■ WHAT TO PRODUCE
Exactly reproduce the lines from the one containing "Algunas cosas llamaron" through the last line of the data, both ends included, leaving out pictures.

■ DATA SEGMENT
*** Begin section ***

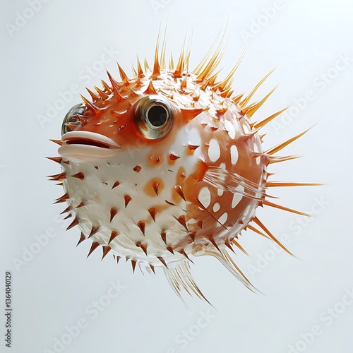 A Striking 3D Render of a Spiny Pufferfish Vibrant Orange and White Aquatic Creature.
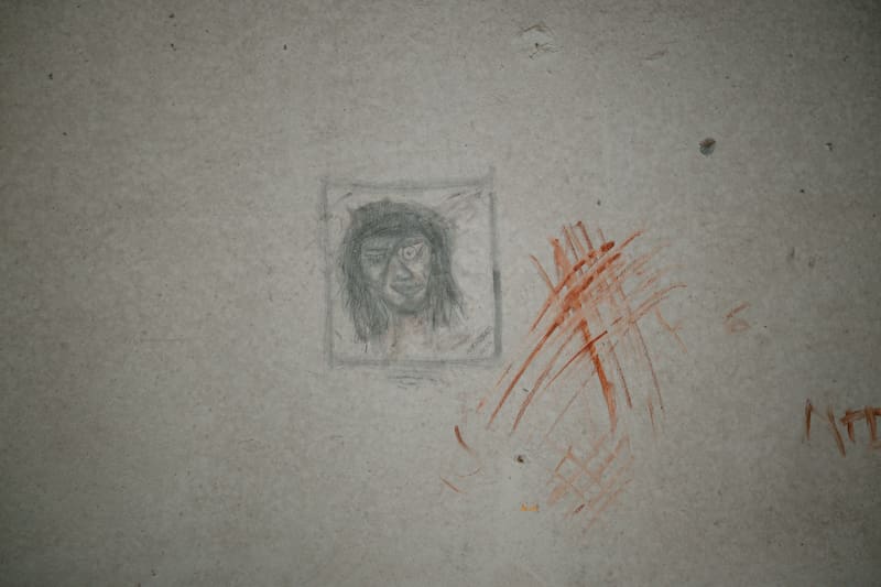 Algunas cosas llamaron particularmente mi atención, sostiene, “por ejemplo un autorretrato rayado en una pared, eran dos rostros distintos unidos. También un escrito en un muro interior, que probablemente fue hecho con un vidrio, que decía “ELECTROSHOCK 120 VOLTS”.
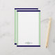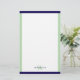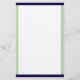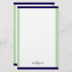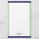 Papel de papelaria personalizado com bordas limpas em azul escuro e verde-celadão com o seu nome na mesma cor azul no seu início no mesmo verde-claro. Papel de carta azul e verde personalizado com seu nome e inicial. Papel de papelaria monograma para ele com uma borda moderna de blocos coloridos em azul escuro e verde claro, impresso com seu nome e inicial no fundo.

*** End section ***

■ ANSWER TO THIS PROBLEM
 Algunas cosas llamaron particularmente mi atención, sostiene, “por ejemplo un autorretrato rayado en una pared, eran dos rostros distintos unidos. También un escrito en un muro interior, que probablemente fue hecho con un vidrio, que decía “ELECTROSHOCK 120 VOLTS”.
 Papel de papelaria personalizado com bordas limpas em azul escuro e verde-celadão com o seu nome na mesma cor azul no seu início no mesmo verde-claro. Papel de carta azul e verde personalizado com seu nome e inicial. Papel de papelaria monograma para ele com uma borda moderna de blocos coloridos em azul escuro e verde claro, impresso com seu nome e inicial no fundo.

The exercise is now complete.